Create A Modern Press Release

Messaging and company stories circulate through a surplus of multichannel communication tools, so what’s the use of a press release? We can share news updates on LinkedIn, Facebook, or Twitter. The reason they continue in most organizations is because people would generally agree they still are needed to announce product launches and news, especially for a publicly traded company. I keep hearing terms and phrases like “back to the basics”, “old school”, or “traditional PR” associated with a press release. It brings into question whether press releases are still relevant and useful. To jump into the issue more and find out other opinions on the matter I asked around to a few people who work in PR followed by a quick Google search.

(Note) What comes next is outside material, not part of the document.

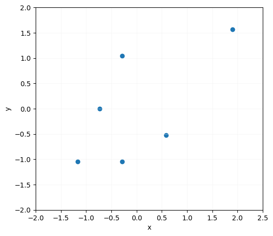Ahora los valores medios son nulos (la cifra que vemos de 1.11e-16 es debido al redondeo) y las varianzas iguales a 1. Si mostramos los puntos en una gráfica obtenemos el siguiente resultado:

The Great Press Release Debate

I found a handful of articles which proclaim “No wait, they aren’t dead!” This leads me to believe a strong notion exists in the marketing world that press releases are or at one point in time, were thought to be dead or irrelevant. One blog went as far to say that this debate has been going on for the past ten years! To address this circulating claim that press releases are outdated, there have also been a few articles that speak to the new “modern age” of press releases and tips to keep them current. One of those was written by Brian Solis[1], in a post about how to revamp your press release strategy. It definitely seems like the value of press releases in today’s social media driven world is debated.

It is understandable.

Press Releases and Social Media

What we need, as discussed by Brian Solis, is to change the way we go about writing the release. At a meeting with Marketo’s director of corporate communications and our team, we dissected a press release to delve into this topic. We projected the document on the wall and spent time sharing how we thought we could improve it. We didn’t analyze grammar or organization; rather we made the editing of the message relatable to us by looking at it through a social media[2] lens.